I did buy one of those USB charger thingies that you load with AA batteries. I haven't tried it yet, but I hope it's enough to keep the Edge going. Maybe I should bring some extra batteries.....


----------



## Argentius (Aug 26, 2004)

oh, well that might help.

It's not as though the edge USES that much power, it just doesn't have much. PS, unless you are really interested in that data, you can save power by not using the HR function...


----------



## ChilliConCarnage (Jun 1, 2006)

Will you be riding it on your Varsity? That would be awesom-o.

P.S. I didn't know what a geek you were until you threw the number 32768 around in a post.


----------



## Argentius (Aug 26, 2004)

I really, really THOUGHT about it.

But, no. I'm going to be riding in a train with my team, and we're trying to get there pretty quickly, so I'll be expected to do a reasonable amount of work. Also, I want to hang out and do some of my favorite portland-area climbs.

Though the next week would probably be 2/3 of my mileage for the Varsity right there!
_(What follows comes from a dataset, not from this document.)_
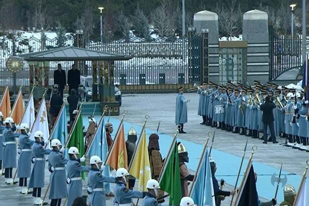 Erdoğan, konuk Cumhurbaşkanı Taçi’yi Cumhurbaşkanlığı Külliyesi girişinde karşıladı. Her iki ülkenin milli marşlarının çalınmasıyla resmi tören başladı. Taçi, tören kıtasını Türkçe “Merhaba asker” diyerek selamladıktan sonra Cumhurbaşkanı Erdoğan resmi törene katılan Milli Eğitim Bakanı İsmet Yılmaz, Cumhurbaşkanlığı Genel Sekreteri Fahri Kasırga, Cumhurbaşkanlığı Sözcüsü İbrahim Kalın ile bürokratları tanıttı. Tören, Erdoğan ve Taçi’nin gazetecilere poz vermesiyle sona erdi.

I can't remember what post I used 32768 in, but I like to hyperbolize that way. For instance, today, it's about 131072 degrees out.


----------



## ChilliConCarnage (Jun 1, 2006)

It was from your blog: "_I’ve got 32,768 things to write about, and only one space_.". Perhaps it was just pure coincidence that you would pick that, but the number 32768 has special meaning to computer nerds.

So - who else here will be doing the mass-pileup-waiting-to-happen on Saturday? Or are we all too BikeBourgeoisie to ride our carbon in an event with commoners and commuters?


----------



## Argentius (Aug 26, 2004)

Nah, it's 15 bit, I meant that...


----------



## umatillawheelman (Oct 31, 2006)

bib #762 with scott's cycle & sports from hermiston, oregon. 

cole


----------



## Gnarly 928 (Nov 19, 2005)

Nine thousand riders? Wow, that is a lot.. It sounds like a bunch of fun. 

From out here in the Gorge, it's some major windshield time to Seattle, and I have enough of that schedualed to make the races I've planned the rest of the summer, so I have to pass, but you lucky "few"..enjoy! An epic ride, that.
Don Hanson


----------



## Gnarly 928 (Nov 19, 2005)

Hey, on the Garmin Edge..Get one of the 12v adapter plugs. Goes into a car's power outlet or cigar lighter socket and puts a charge on the battery in about 15 mins..I am sure you could find a vehicle at one or two of your rest stops to plug into while you pig out.....er, restore your glycogen level(?)..Also, turn it off when you stop. I had mine go almost 7 continous hours, with the HR and cadence functions on last winter on an epic Palomar Mt. loop we did in Caliifornia...So if you pedal hard, yours should last..hee hee.
Don Hanson


----------



## ChilliConCarnage (Jun 1, 2006)

Gnarly 928 said:


> Nine thousand riders? Wow, that is a lot.. It sounds like a bunch of fun.


It will probably be closer to 10,000 when you count all the poachers.

It is like a gigantic 200 mile obstacle course.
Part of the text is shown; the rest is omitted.